Попрощавшись с Кьярой, я передала воспитательнице объемную папку с рисунками. Их было десять — столько же, сколько моих «свободных вечеров» за прошедшие два месяца.
— Это мое покаяние за то, что наш журнал недостаточно интересовался темой материнства и детства, — сказала я.
— Вы сами это сделали? — удивленно спросила Стефани, открыв картонную обложку.
— Да. Но если вам не понравится, пожалуйста, не чувствуйте себя обязанными их развешивать, — заверила я ее. — Я рисовала от нечего делать, так что ничуть не расстроюсь.
Это было огромной, трудноперевариваемой ложью. Я даже запнулась на словах «от нечего делать».
— Да что вы, они такие забавные! Вот эта китаянка, например. Ха-ха… и маори! Я покажу коллегам. Думаю, мы в обеденный перерыв и займемся развешиванием.

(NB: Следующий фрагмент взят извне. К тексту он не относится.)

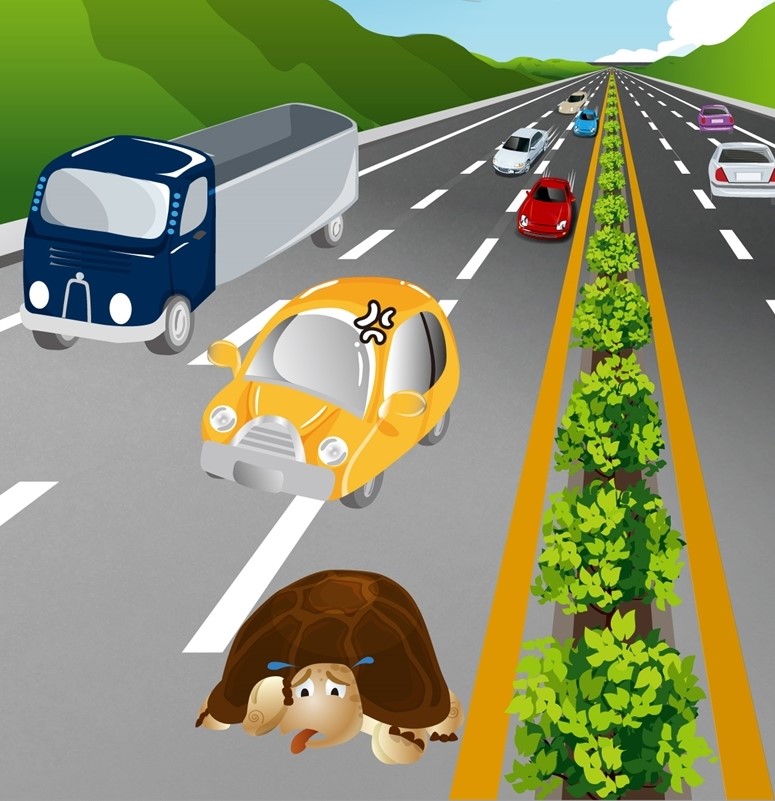 外線照跑,中線以110前進,碰到龜車從內線道超到前面再繼續往前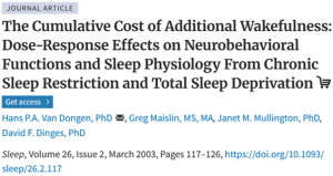 徹夜、4時間睡眠、6時間睡眠で客観的なパフォーマンスがどの程度低下するかを調べた研究が紹介されました。2日間徹夜が続くとワインを1本飲んだ状態と同程度に客観的なパフォーマンスが低下します。6時間未満の睡眠が連日続いている人は、この2日間徹夜と同じ程度のパフォーマンスしか示せませんでした。4時間未満の睡眠が続いている人では、3日間続けて徹夜したのと同程度にパフォーマンスが低下していました。
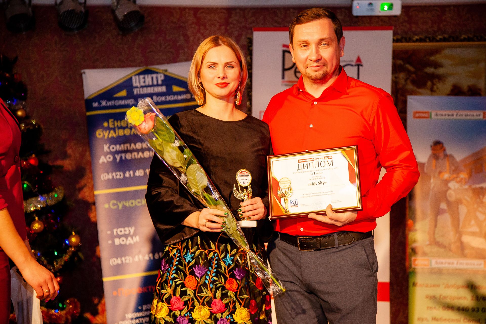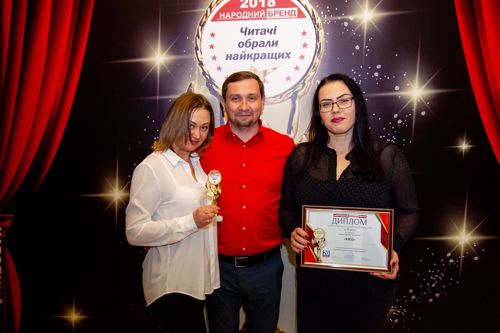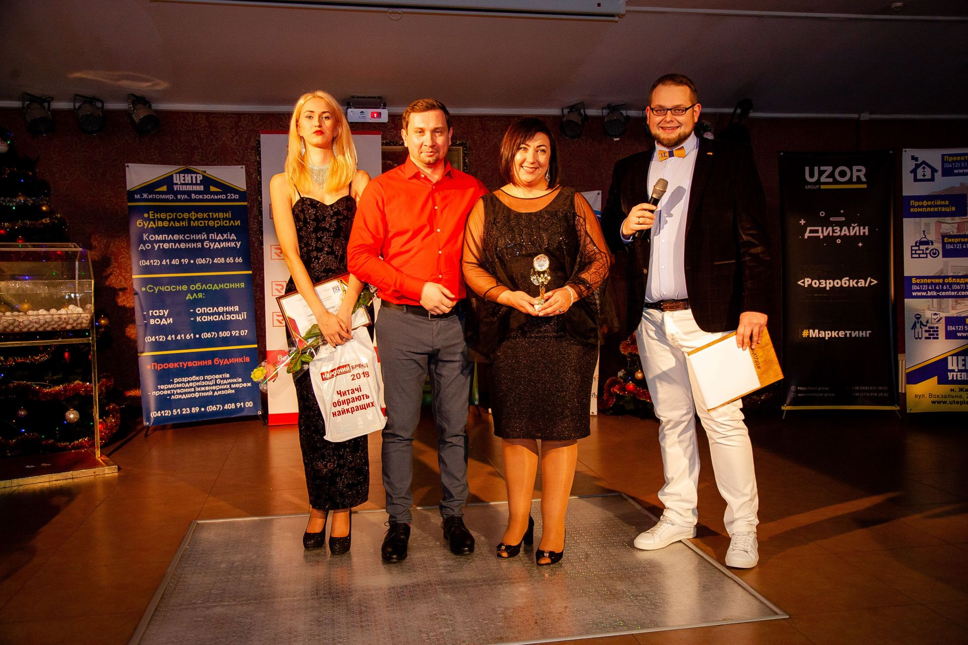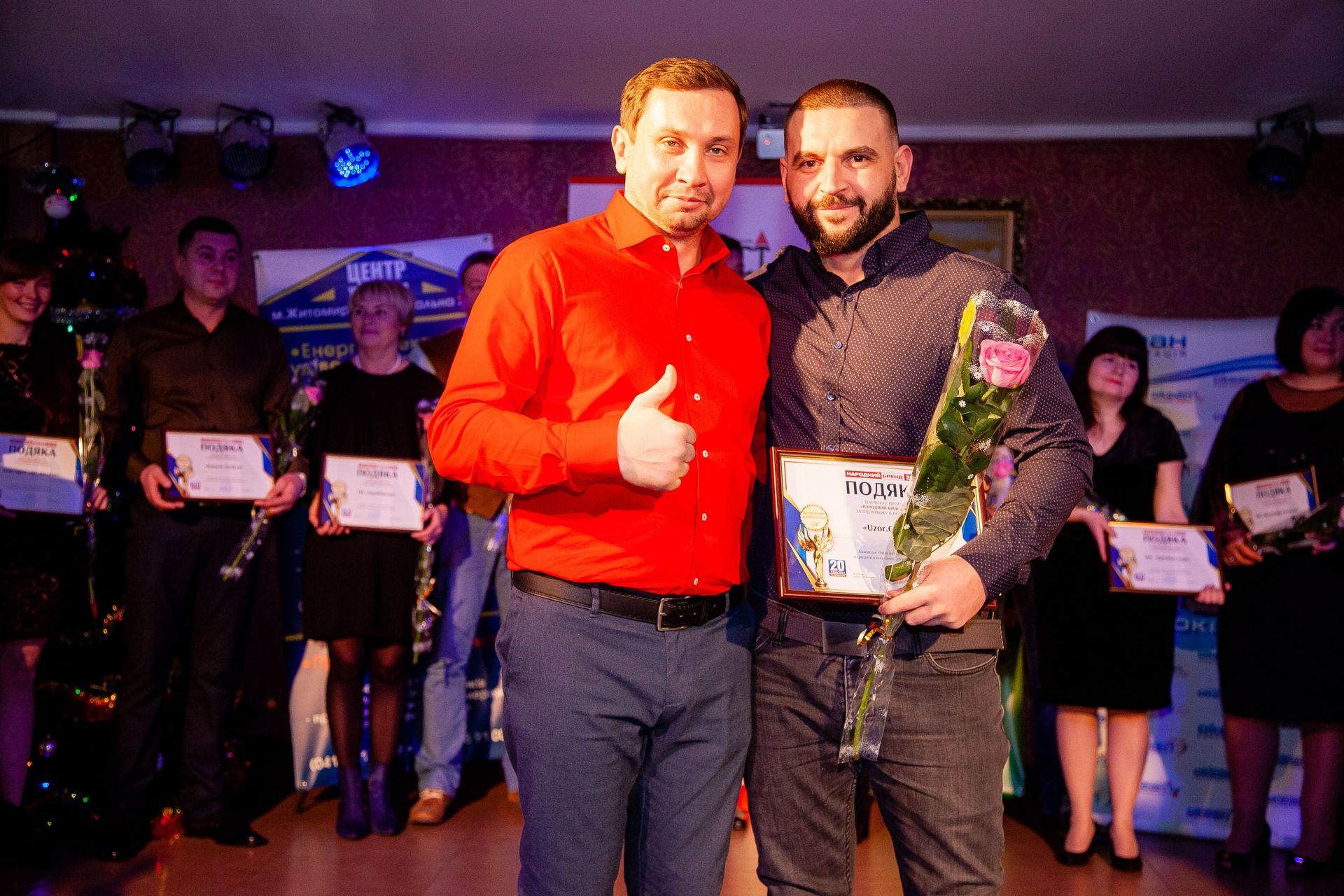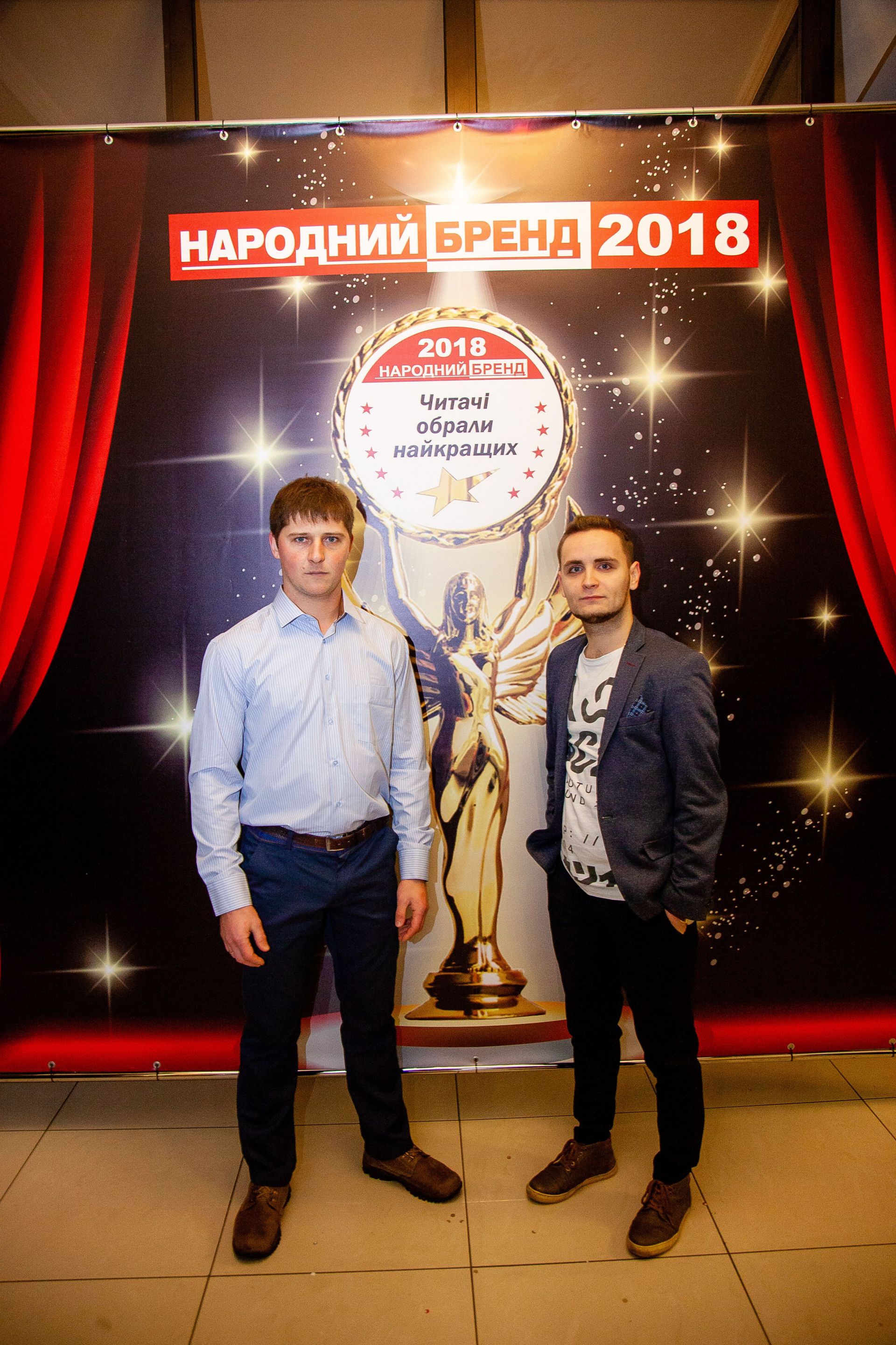 Гарний настрій і позитивну атмосферу створював ведучий Олексій Кузьменко, а під музику від Олега Толстова винуватці вечора – призери отримали традиційний символ «Народного бренду» – статуетку Ніки, а також дипломи переможців конкурсу.

Я улыбнулась и вышла. Моя мама когда-то расписывала стены в детском садике для того, чтобы меня туда взяли, и в детском отделении кожно-венерологического диспансера, чтобы быть рядом со мной, проводившей там долгие недели из-за хронического диатеза. Это называется — преемственность поколений.
* * *
Обычно после садика мы несемся домой; от пережитого возбуждения и мерной тряски Кьяра засыпает по дороге, я тихонько втаскиваю ее в квартиру и оставляю досыпать в коляске — таким образом у меня образуется еще полчаса рабочего времени. Но в тот день погода стояла замечательная, из соседнего парка доносился детский смех, и коляска сама повернула туда. Мы спустились по наклонной дорожке, миновали группу занимающихся тай-чи, повернули на тихую боковую аллею, которую не слишком любят бегуны, и двинулись по направлению к детскому городку. Вдруг сзади донесся хруст веток.
— Стой, Лука, я тебе штаны подтяну, — прошипел женский голос.
Я машинально обернулась на русскую речь, доносящуюся из кустов. Не то чтобы она редко раздавалась в Париже, но, как правило, фразы, долетающие до моих ушей, были из серии: «А зачем вообще идти в этот Пантеон?», «Почем, интересно, макароны в этой забегаловке?» или «Где же, епть, эта Рю-дез-Артс?».
Из зарослей выбежал голопопый мальчик лет трех, а за ним, на полусогнутых ногах, как человек, совершивший что-то противозаконное, вышла невысокая брюнетка с симпатичным, хотя и слегка замученным лицом. Она испуганно посмотрела на нас.
— Мы не садовая охрана! — примирительно подняла руки я. — И мы тоже писаем где придется.
Она с облегчением улыбнулась:
— Да уж, ему ведь не объяснишь, что общественный туалет в трехстах метрах!
— Точно! Но я начинаю подозревать, что это какое-то чисто русское хулиганство, — сказала я и подмигнула. — Наша маленькая месть за все пережитое.
— Вам тоже есть за что мстить? — подыграла она.
— А то! — воскликнула я. — Сегодня, например, мы будем писать в знак протеста против Министерства по делам семьи и детства за то, что оно не улучшает условия труда воспитателям садика и те продолжают бастовать.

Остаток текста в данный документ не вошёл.